Kushikatsu is a variation of the famous fried pork cutlet, tonkatsu. “Ton” is the Japanese word for “pork” and “katsu” is a corruption of the word “cutlet.” During the Meiji government, Japan opened to foreign commerce and culture. People were encouraged adopt Western ways in science, technology, and customs. The taboo against eating meat was abolished (1872), and many new meat dishes were created. Here is a good article summarizing the history of Japan.
These skewers were a confidence builder for my deep-frying skills. Success of this recipe depends on the care you give to coating the skewered pork and onions with flour, egg, and panko. To ensure a thick crispy but not greasy crust, each skewer is dredged in flour then eggs three times before the final coat of light and crunchy panko crumbs. Allowing the skewers to stand in a bowl meant that the coating would adhere to the meat and vegetables rather than sticking to a rack. The time between each step of the coating process allowed the flour to absorb the moisture from the egg to become a sort of paste.

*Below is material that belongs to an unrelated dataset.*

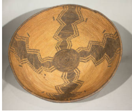
Title: Basket Date: c. 1890 Primary Maker: Apache Medium: woven sumac, devil's claw, and split willow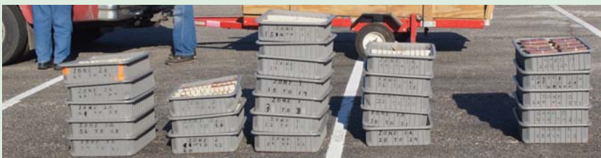
Eight-thousand rubber tile markers, sorted, redrawn, organized and ready for Distribution in 45 lb tubs. Hoo boy, it's a real workout muscling these guys.

It rained all week in North Texas, but Saturday, April 25, 2015 brought clear skies and bright sunshine. The North Texas Region Minions along with the Horseless Carriage Club proceeded to turn a multi-acre, flat, bland, parking lot into the underpinnings of the great big Pate Swap Meet, scheduled to begin April 30th. Almost 8,000 markers, enough 45 lb concrete sign bases to sink the Bismark, and the ever-present sign poles and signs that guides the thousands of vendors and visitor onto streets of sales of all kinds. A big THANK YOU for all who came out to work. You earned a free Christmas Holiday dinner for sure.

- 1 pound boneless pork loin, excess fat removed, cut into 20 cubes (original recipe:9 ounces / 12 pieces)
- Salt and Black Pepper
Lightly season the pork and let it sit for half an hour.
- 3 – 4 naganegi (Japanese long green onions), or young slender leeks, white part only
Cut the onions crosswise into 30 pieces, about 1 1/2″ long.
- 10 bamboo skewers (6″ long, soaked in water for 30 minutes)
Thread a piece of onion, a cube of pork, onion, pork, and onion on each skewer.
Coating the Skewers:
- 1/2 cup flour for coating (or more)
- 2 eggs, lightly beaten
- 2 cups breadcrumbs
1. Put each of the above ingredients into a separate dish. Dredge each skewer of pork and onions in the flour. Shake or tap the skewer to shake off excess. I arranged the skewers in bowls, rather than placing them on a rack.
2. Dip each skewer into the egg, shake off excess egg, and dredge in flour again. Stand each skewer in bowls until all of them have been coated. I let the skewers stand in the bowls for 15 minutes to set the coating.
3. Repeat the egg and flour dipping. At this point, each skewer has been into the flour three times, and the egg two times.
4. Finally, dip each skewer in the egg again, shake off excess, and put it into the panko. Gently press the pork and onion so the breadcrumbs adhere well. Turn to coat the other sides. The skewers were left standing in the bowls while I prepped my deep frying operation.
- vegetable oil for deep-frying
In a wide deep skillet (a wok works very well), heat 3 inches of oil over medium heat to 360°F. Add 2 or 3 skewers and cook until the crust becomes barely golden. Reduce the temperature of the oil to 300°F, and cook until the crust is quite golden, about 8 to 9 minutes. Drain the skewers on a paper towel-lined rack. Repeat to fry all of the skewers.
Serve the skewered pork and long onion, with tonkatsu sauce and shredded cabbage. I was interested in how the recipe for tonkatsu sauce compared with a commercial bottled sauce: It really is worth making your own!